A good visual equivalent of this process are the works of Tristan Hsu: a mix of photographic glitches, static electricity and orifices, human fragments that seem to try to escape from the surface of the work, like so many cocoons about to hatch. Hsu has been reflecting on this mixture of organic and synthetic forms since the 1980s, when, while working on Wall Street, he observed how our existence was becoming inextricably bound to a screen. When it is pointed out to him in interviews that he seems to have predicted the future, Hsu replies that he has only tried, from the outset, to narrate the present: yet today he increasingly perceives this present as an anticipated future.

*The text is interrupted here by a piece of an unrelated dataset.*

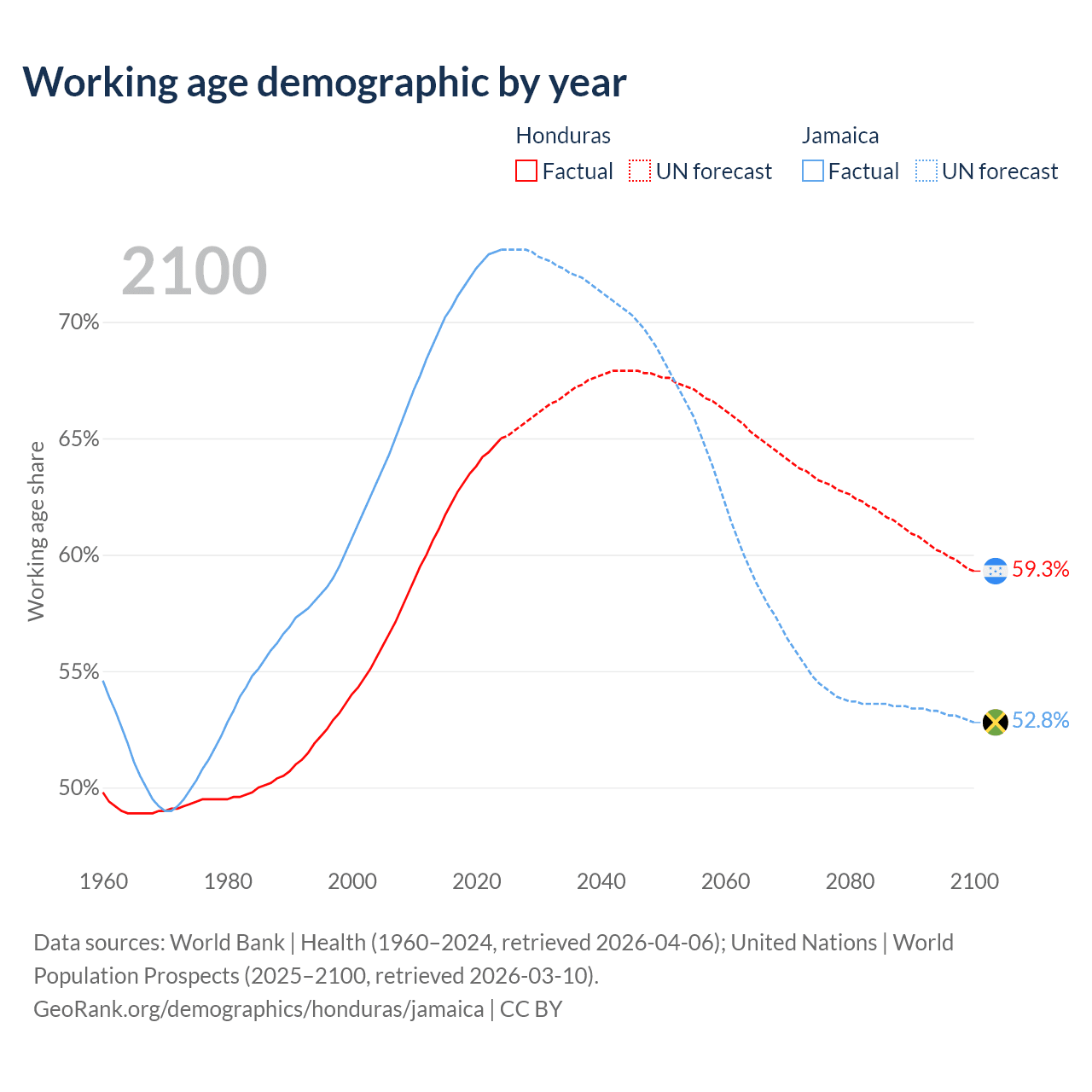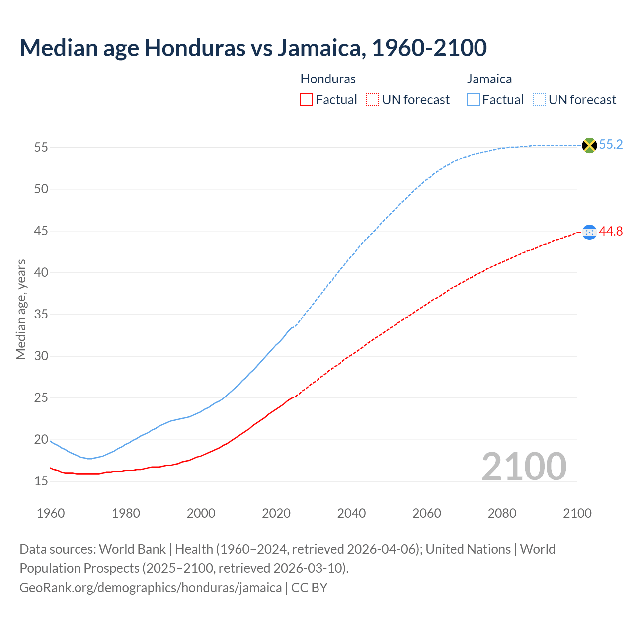 Median age Honduras vs Jamaica, 1960-2100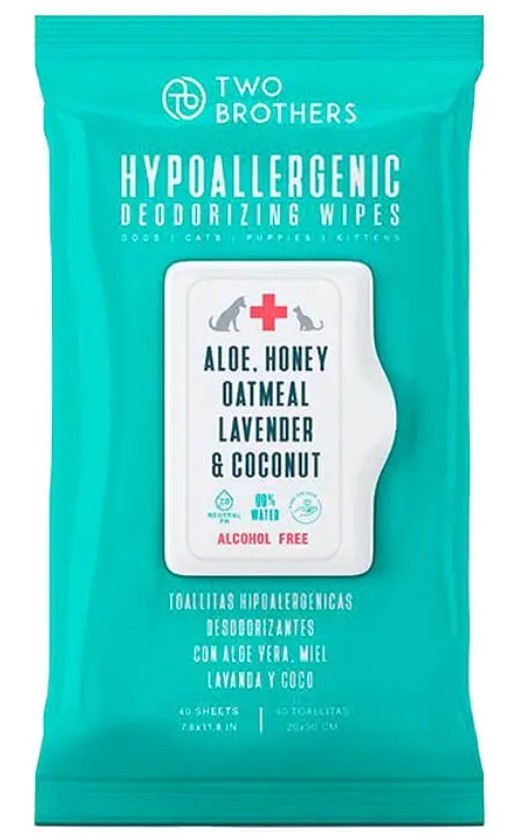 - Las Toallitas Two Brothers Hypoallergenic Wipes están especialmente formuladas para eliminar la suciedad y olores de la piel y pelaje de su mascota.

We get the feeling that this is happening at a different speed than in the past – a speed that prevents the mind from transforming fast enough – and reacting. This is one of the conclusions also reached by the three authors of The Extreme Self, claiming that today only over-40s are still able to say what an individual is in the classic sense of the term. But that same individual is starting to think that such awareness is now ‘almost a disadvantage’.

We could respond with the words of Virginia Woolf, who writes in Mrs Dalloway: ‘the compensation of growing old … is simple: the passions remain as strong as ever, but one has gained – at last! – the power which adds the supreme flavour to existence , the power of taking hold of experience, of turning it round, slowly, in the light’.

Perhaps, books like The Extreme Self invite us to do just that: to stop, to slowly observe what we are becoming. It may be a form of consolation, but maybe it will help us not to wrap ourselves up in blankets, for fear of being smashed to pieces.